Antoni Graf Sobański (1898–1941)
Antoni Graf Sobański wurde am 1. Mai 1898 in Obodówka im russisch annektierten Teil Polens geboren. Er stammte aus einer polnischen Landadelsfamilie und war das jüngste von drei Kindern. 1905 zog die Familie nach Warschau um. Zwischen 1917 und 1925 studierte er an unterschiedlichen Universitäten verschiedene Fachrichtungen, ohne jedoch einen Abschluss zu erlangen. Zur gleichen Zeit erbte Sobanski von seinem Onkels ein Schloss in Guzów und eine Zuckerfabrik, so dass er seine Zeit zwischen den Verpflichtungen auf seinem Gut und dem gesellschaftlichen Leben in Warschau aufteilte. In Warschau war Antoni Graf Sobański nicht irgendjemand. Er war eine der schillerndsten Persönlichkeiten der guten Gesellschaft und gleichzeitig ein sehr geschätzter Journalist, gern gelesener Essayist und viel versprechender Literat. Seine Freunde nannten ihn „Tonio“. Die ihn so nannten, waren keine Unbekannten, sondern Diplomaten, Wissenschaftler und Bohemiens. Jarosław Iwaszkiewicz und Witold Gombrowicz sprachen über ihn in höchsten Tönen der Bewunderung, er wäre eloquent, humorvoll, ironisch, witzig und kultiviert. Graf Sobański war ein aufgeklärter Europäer, dem die nationalistischen und antisemitischen Tendenzen auch in der polnischen Gesellschaft bewusst und zuwider waren. Er beherrschte sechs europäische Sprachen in Wort und Schrift, reiste viel, lebte in London, Paris, Berlin, Wien und Petersburg.

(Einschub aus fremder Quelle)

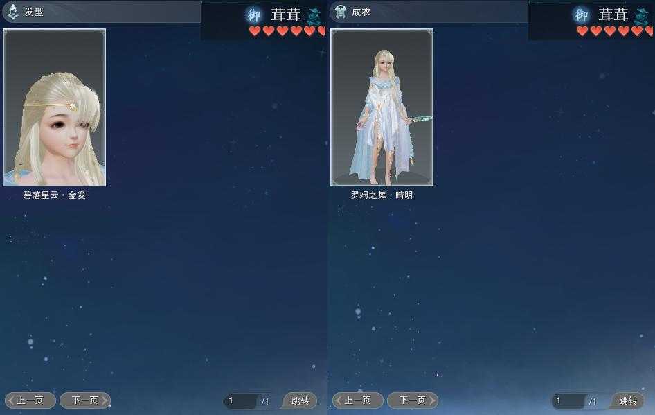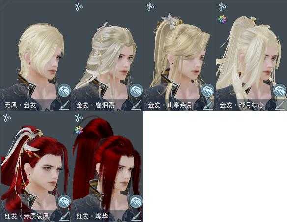 【发型】金发5个[狐金, 国金, 苏金, 角金, 无风金发], 红发2个[七红, 八红], 黑发12个, 白发17个, 盒子发型[一代蓝中秋白, 一代七夕白, 雪月白发, 绿中秋黑发, 绿中秋白发], 总页数4

Im Januar 1933 wurde Adolf Hitler zum Reichskanzler ernannt. Am 5. März 1933 fanden die Reichstagswahlen statt, bei denen die NSDAP nur knapp an der absoluten Mehrheit scheiterte. Unter diesen politischen Vorzeichen entschied die Redaktion der polnischen Zeitschrift „Wiadomości Literackie“ (Literarische Nachrichten), einen Korrespondenten nach Berlin zu schicken, um Informationen aus erster Hand über das »Dritte Reich« zu liefern. Die Wahl fiel auf Sobański, der für diese Mission geeignet erschien, da er Freunde in Berlin hatte und dort fast zuhause war. Bereits im April 1933 fuhr Graf Sobański nach Berlin und begann, seine Beobachtungen aufzuschreiben, die bis heute ein wichtiges Dokument über den Zustand der deutschen Gesellschaft in den Anfängen des Nazi-Regimes darstellen und das Gesamtbild mehr als nur ergänzen. Sobański war ein scharfsinniger Beobachter mit objektivem Anspruch. Er ging sehr gewissenhaft mit seiner Arbeit um. Er war neugierig auf alles, was er sehen oder hören konnte, und je unerklärbarer ihm etwas erschien, umso mehr wollte er es verstehen. Er sprach mit unzähligen Menschen, las Zeitungen, zählte darin sogar die Bilder mit nationalistischen Motiven, er lief unermüdlich durch die Stadt und analysierte selbst das Theater- und Kinoprogramm. All seine Eindrücke verarbeitete er in seinen Reportagen, die in der „Wiadomości Literackie“ abgedruckt wurden und sich großen Interesses bei den Lesern erfreuten. 1933 erschienen insgesamt acht Reportagen. Nach seinen späteren Reisen nach Danzig und Nürnberg erschienen 1936 weitere fünf Reiseberichte. In ihrer nüchternen Art sind sie heute noch eine scharfe Analyse der deutschen Gesellschaft im Hinblick auf die Entwicklung totalitärer Systeme.
2005 entdeckte die literarische Welt die Reportagen von Graf Sobański neu. Sie erschienen in Buchform unter dem Titel „Cywil w Berlinie“ (Ein Zivilist in Berlin). Der Titel ist treffend, denn Sobański beschreibt Berlin als „eine Stadt der Uniformierten“, in der selbst die Arbeitslosen eine Uniform trügen. Weniger gut getroffen ist der Titel der deutschen Ausgabe: „Nachrichten aus Berlin 1933-36“, dennoch ist sie ein Glücksfall für den deutschsprachigen Leser. Die deutsche Ausgabe erschien 2007.
Antoni Graf Sobański hielt den Krieg nicht für wahrscheinlich. Zu sehr glaubte er an das Humane im Menschen. Als der Zweite Weltkrieg dann doch mit dem Überfall auf Polen am 1. September 1939 ausbricht, flieht Sobański über Südeuropa nach London. Das Kriegsende wird er jedoch nicht erleben. 1941 stirbt er in London an einer Lungenkrankheit.